A third theoretical strand is androgogy. Students in ABE are, by definition, adult. This offers some very particular advantages. Another of those words with which to impress dinner guests or frighten the dog, androgogy is the teaching of adults, as opposed to pedagogy, the teaching of children. (Greek: agogos = guide; paidos = boy; andros = man. The sexism is not mine.) Martin (1986) provides a concise account of Martin Knowles’ theory of androgogy. The rigour of his theorising is debated but even so it remains useful formal background thinking about ‘basic ed.’ perhaps rather more than other ‘ed.’ According to Knowles there are four outstanding differences between adults and children in an educational setting. Adults, he says, have a stronger and more independent self-concept, greater life experience, a more palpable desire that learning be immediately relevant to life outside the classroom and a wish to learn which is motivated by maturely perceived needs arising from the above-mentioned life. In short, adults have a better idea who they are, what they want and why they want it. Adults in ABE are not usually motivated by fear, compulsion or duty. Adults in ABE want learning to be problem-centred (rather than subject-centred) because they are prompted by events in real life. They want, for example, to learn ‘better spelling’ - a rather specified problem - rather than ‘literacy’ as such. ABE students are not, generally, interested (at least to begin with) in the more esoteric fascinations of literacy. Adult students seek immediately practical techniques to deal with immediately experienced needs. Few can be expected to have much affection or desire for ‘education’ as such. How could it be otherwise?
‘Scholars have come, in process of time, to love the instrument better than the end; not the luxury which the difficulty encloses, but the difficulty … not what may be read in Greek, but Greek itself.’ (Smith 1809 p. 192) What good teaching must be about, in these older (and much better) words, is passionately to teach ‘the luxury which the difficulty encloses’ and not the difficulty itself.
I shall deal with my own ‘take’ on managing affect in ABE with the above theories in mind. First comes ownership and autonomy. We have decided that many, probably most, ABE students will be suffering at least some degree of learned helplessness and/or anxiety. The tuition situation itself may well make them feel even more threatened, incompetent and dumb. They urgently need to experience some personal power - to begin, and early, to own and control their own learning and literacy. They urgently need to begin as soon as ever possible to manage both, consciously and for themselves. This may not always be easy. Many students are, after their own educational mauling, thoroughly unused to the idea that they might have either the right or the ability to take, or to use, any such power. It may take time, and often demands a surprising amount of effort, courage and trust from a student, but developing confident autonomy in respect of literacy practices is easily the most important change we can help to bring about. Passivity and timidity must be turned into confidence and autonomy. Confidence is the all-important foundation. Literacy depends utterly upon it - it simply cannot be built at all until confidence is laid. (And see Charnley & Jones 1981 & Du Vivier 1992.)
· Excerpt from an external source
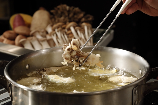 秋の高級食材“松茸”を使った「鶏胸肉と松茸入り茸のテリーヌ」や「松茸入り茸パスタ」をはじめ、「茸の天ぷら」や「鮭のムース包み クリームソース」など、秋の味覚を存分にお楽しみいただけるメニューが並びます。

Knowles insists that a ‘climate of adultness’ be deliberately engendered and assiduously maintained. By this he means that adults must be involved - must participate consciously and fully - from the very start and consistently thereafter in whatever involves them. They must be fully party to assessment of their own literacy needs, planning their own learning, their own learning strategies and procedures and the evaluation of same. Literacy tuition has to take place within a genuinely transparent democracy. Students need to have, and to know that they have, full voting rights. This implies that students be maturely informed. This, in turn, demands genuine understanding of what is taking place and why. It also demands thinking skills. It demands meta-cognition.
For the tutor this implies two things: first we have to understand ourselves as fully as possible. Why are we involved in ABE at all? What, exactly, are our approaches and orientations, our philosophies and methodologies? We have to be quite clear about why we do what we do, about our own theoretical fundamentals. Secondly, we have to be overtly clear about all this - we have to draw students into this knowledge such that they are also clear about the how and why. Students must be, and feel, empowered within a democracy. They must understand and trust the system, which must be transparent.